Video-based Driver Activity Recognition
We introduce a novel framework designed to enhance the recognition of secondary driver behaviors, which are critical for the development of Advanced Driving Assistance Systems (ADAS). Traditional models often struggle with generalizing across different sensor setups and recognizing underrepresented activities.
The proposed TransDARC framework demonstrates significant performance improvements over existing methods on the Drive&Act benchmark, achieving higher accuracy in both fine-grained and coarse driver activity recognition tasks. The authors also provide qualitative analyses, such as t-SNE visualizations, to illustrate the effectiveness of their latent space calibration in creating more distinct and well-separated feature clusters. These results suggest that TransDARC offers a promising solution for enhancing the robustness and applicability of driver activity recognition systems in real-world scenarios.
Skeleton-based Human Action Recognition
Skeleton-based human action recognition focuses on analyzing the movement of human joints and bones represented as skeleton sequences. It captures the structural and temporal dynamics of body motion, making it robust to variations in appearance, background, and lighting. Graph-based neural networks, especially graph convolutional networks (GCNs), are commonly used to model the spatial-temporal relationships between joints. This approach is widely used in surveillance, sports analysis, healthcare, and human-robot interaction.
Open-set Skeleton-based Human Action Recognition
In real-world scenarios, human actions often fall outside the distribution of training data, making it crucial for models to recognize known actions and reject unknown ones. However, using pure skeleton data in such open-set conditions poses challenges due to the lack of visual background cues and the distinct sparse structure of body pose sequences. In this paper, we tackle the unexplored Open-Set Skeleton-based Action Recognition (OS-SAR) task and formalize the benchmark on three skeleton-based datasets. We assess the performance of seven established open-set approaches on our task and identify their limits and critical generalization issues when dealing with skeleton information. To address these challenges, we propose a distance-based cross-modality ensemble method that leverages the cross-modal alignment of skeleton joints, bones, and velocities to achieve superior open-set recognition performance. We refer to the key idea as CrossMax - an approach that utilizes a novel cross-modality mean max discrepancy suppression mechanism to align latent spaces during training and a cross-modality distance-based logits refinement method during testing. CrossMax outperforms existing approaches and consistently yields state-of-the-art results across all datasets and backbones.
Unsupervised Skeleton-based Human Action Recognition
Self-supervised representation learning for human action recognition has developed rapidly in recent years. Most of the existing works are based on skeleton data while using a multi-modality setup. These works overlooked the differences in performance among modalities, which led to the propagation of erroneous knowledge between modalities while only three fundamental modalities, i.e., joints, bones, and motions are used, hence no additional modalities are explored.

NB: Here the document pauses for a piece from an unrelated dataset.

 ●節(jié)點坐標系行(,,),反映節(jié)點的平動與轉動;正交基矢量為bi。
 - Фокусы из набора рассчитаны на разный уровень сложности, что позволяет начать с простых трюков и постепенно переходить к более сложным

We have proposed an Implicit Knowledge Exchange Module (IKEM) which alleviates the propagation of erroneous knowledge between low-performance modalities. Then, we further propose three new modalities to enrich the complementary information between modalities. Finally, to maintain efficiency when introducing new modalities, we propose a novel teacher-student framework to distill the knowledge from the secondary modalities into the mandatory modalities considering the relationship constrained by anchors, positives, and negatives, named relational cross-modality knowledge distillation.

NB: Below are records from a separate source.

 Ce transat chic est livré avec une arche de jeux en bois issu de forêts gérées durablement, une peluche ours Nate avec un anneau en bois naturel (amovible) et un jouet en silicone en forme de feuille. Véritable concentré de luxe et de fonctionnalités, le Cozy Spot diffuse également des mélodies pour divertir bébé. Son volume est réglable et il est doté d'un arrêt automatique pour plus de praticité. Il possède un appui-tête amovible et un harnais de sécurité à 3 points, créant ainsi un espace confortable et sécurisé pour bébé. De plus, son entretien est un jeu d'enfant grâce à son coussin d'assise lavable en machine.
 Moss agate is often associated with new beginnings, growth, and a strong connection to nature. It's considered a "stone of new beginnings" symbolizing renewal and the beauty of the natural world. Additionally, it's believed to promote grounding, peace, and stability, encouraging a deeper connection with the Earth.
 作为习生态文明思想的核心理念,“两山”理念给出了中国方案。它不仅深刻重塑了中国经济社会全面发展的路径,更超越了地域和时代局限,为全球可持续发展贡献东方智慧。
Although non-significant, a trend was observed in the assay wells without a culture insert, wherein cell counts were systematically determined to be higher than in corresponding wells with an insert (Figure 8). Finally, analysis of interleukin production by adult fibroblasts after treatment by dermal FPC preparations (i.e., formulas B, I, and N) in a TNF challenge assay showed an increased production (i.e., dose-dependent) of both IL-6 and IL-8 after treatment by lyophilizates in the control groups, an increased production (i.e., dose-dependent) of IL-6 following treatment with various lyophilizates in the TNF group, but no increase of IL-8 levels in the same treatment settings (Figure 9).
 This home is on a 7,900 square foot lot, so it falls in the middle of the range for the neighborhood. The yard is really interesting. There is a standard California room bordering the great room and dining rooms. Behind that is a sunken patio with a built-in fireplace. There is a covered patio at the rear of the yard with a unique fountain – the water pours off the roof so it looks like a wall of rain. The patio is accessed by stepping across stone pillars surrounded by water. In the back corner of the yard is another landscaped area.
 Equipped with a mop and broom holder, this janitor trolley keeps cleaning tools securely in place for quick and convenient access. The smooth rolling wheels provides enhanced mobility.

Skeleton-based Human Action Recognition under Noisy Labels
Understanding human actions from body poses is critical for assistive robots sharing space with humans in order to make informed and safe decisions about the next interaction. However, precise temporal localization and annotation of activity sequences is time-consuming and the resulting labels are often noisy. If not effectively addressed, label noise negatively affects the model's training, resulting in lower recognition quality. Despite its importance, addressing label noise for skeleton-based action recognition has been overlooked so far. In this study, we bridge this gap by implementing a framework that augments well-established skeleton-based human action recognition methods with label-denoising strategies from various research areas to serve as the initial benchmark. Observations reveal that these baselines yield only marginal performance when dealing with sparse skeleton data. Consequently, we introduce a novel methodology, NoiseEraSAR, which integrates global sample selection, co-teaching, and Cross-Modal Mixture-of-Experts (CM-MOE) strategies, aimed at mitigating the adverse impacts of label noise. Our proposed approach demonstrates better performance on the established benchmark, setting new state-of-the-art standards.

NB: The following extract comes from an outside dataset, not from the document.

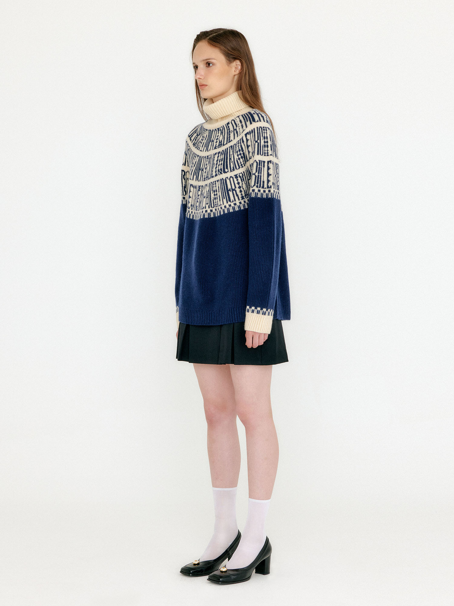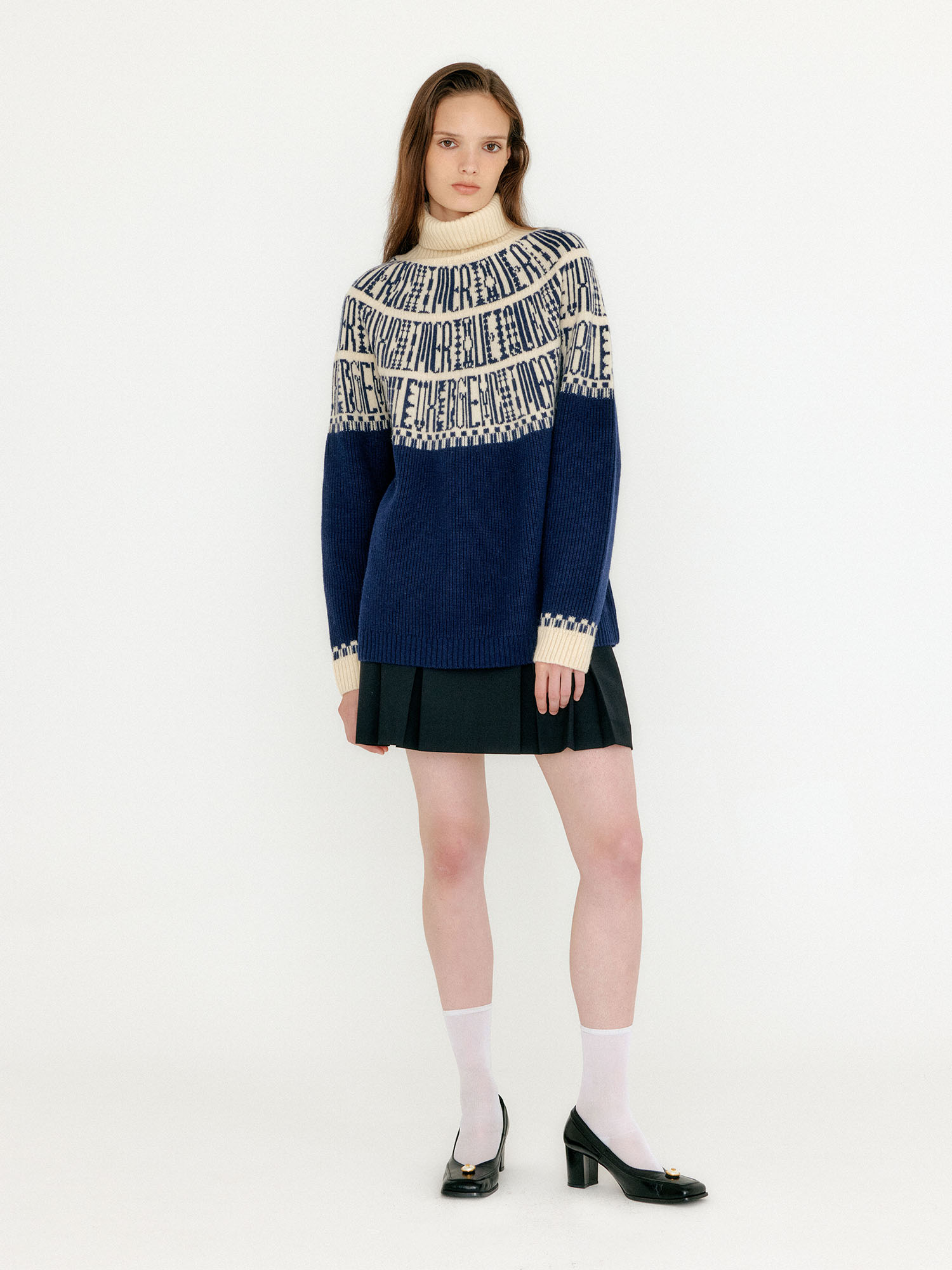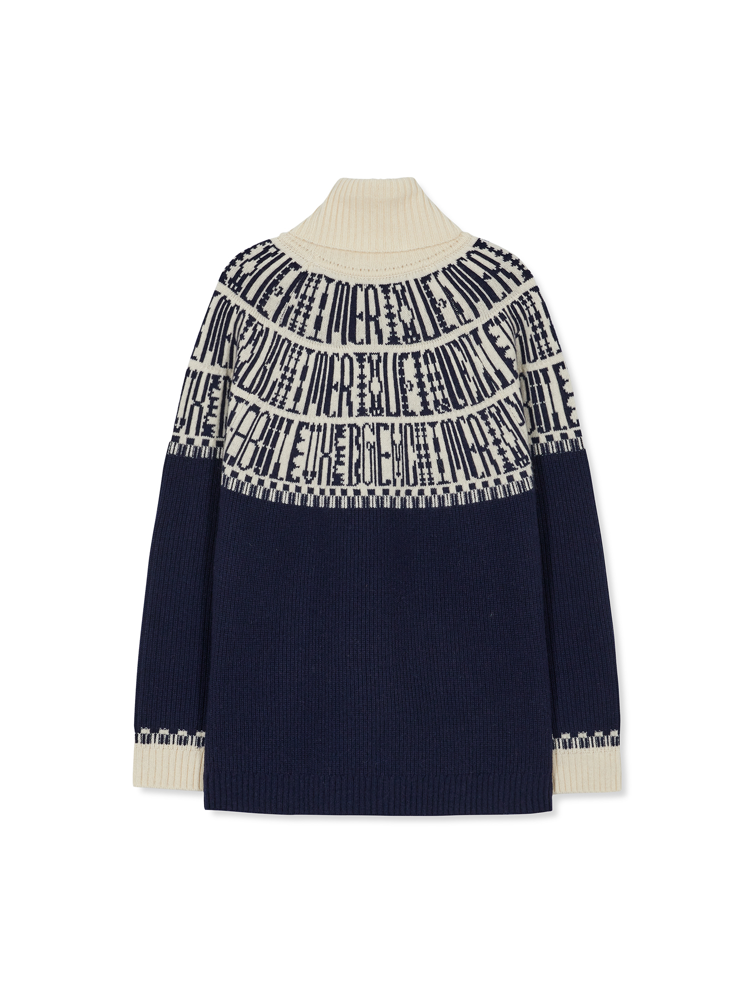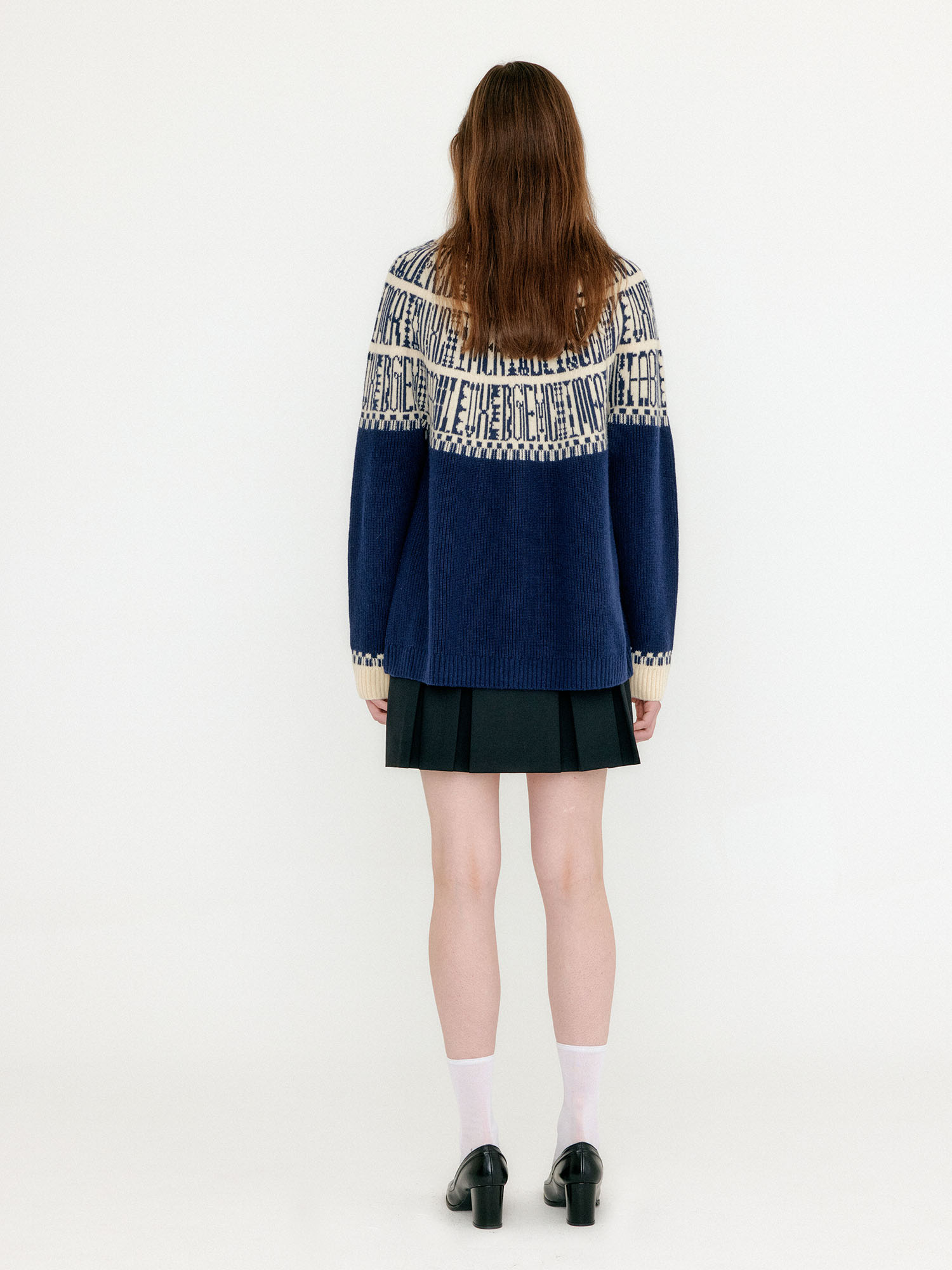 VIBBLE Paneled Lettering Jacquard Pullover - Navy/Beige

One-shot Skeleton-based Human Action Recognition
Occlusions are universal disruptions constantly present in the real world. Especially for sparse representations, such as human skeletons, a few occluded points might destroy the geometrical and temporal continuity critically affecting the results. Yet, the research of data-scarce recognition from skeleton sequences, such as one-shot action recognition, does not explicitly consider occlusions despite their everyday pervasiveness. In this work, we explicitly tackle body occlusions for Skeleton-based One-shot Action Recognition (SOAR). We mainly consider two occlusion variants: 1) random occlusions and 2) more realistic occlusions caused by diverse everyday objects, which we generate by projecting the existing IKEA 3D furniture models into the camera coordinate system of the 3D skeletons with different geometric parameters. We leverage the proposed pipeline to blend out portions of skeleton sequences of the three popular action recognition datasets and formalize the first benchmark for SOAR from partially occluded body poses. Another key property of our benchmark are the more realistic occlusions generated by everyday objects, as even in standard recognition from 3D skeletons, only randomly missing joints were considered. We re-evaluate existing state-of-the-art frameworks for SOAR in the light of this new task and further introduce Trans4SOAR - a new transformer-based model which leverages three data streams and mixed attention fusion mechanism to alleviate the adverse effects caused by occlusions. While our experiments demonstrate a clear decline in accuracy with missing skeleton portions, this effect is smaller with Trans4SOAR, which outperforms other architectures on all datasets.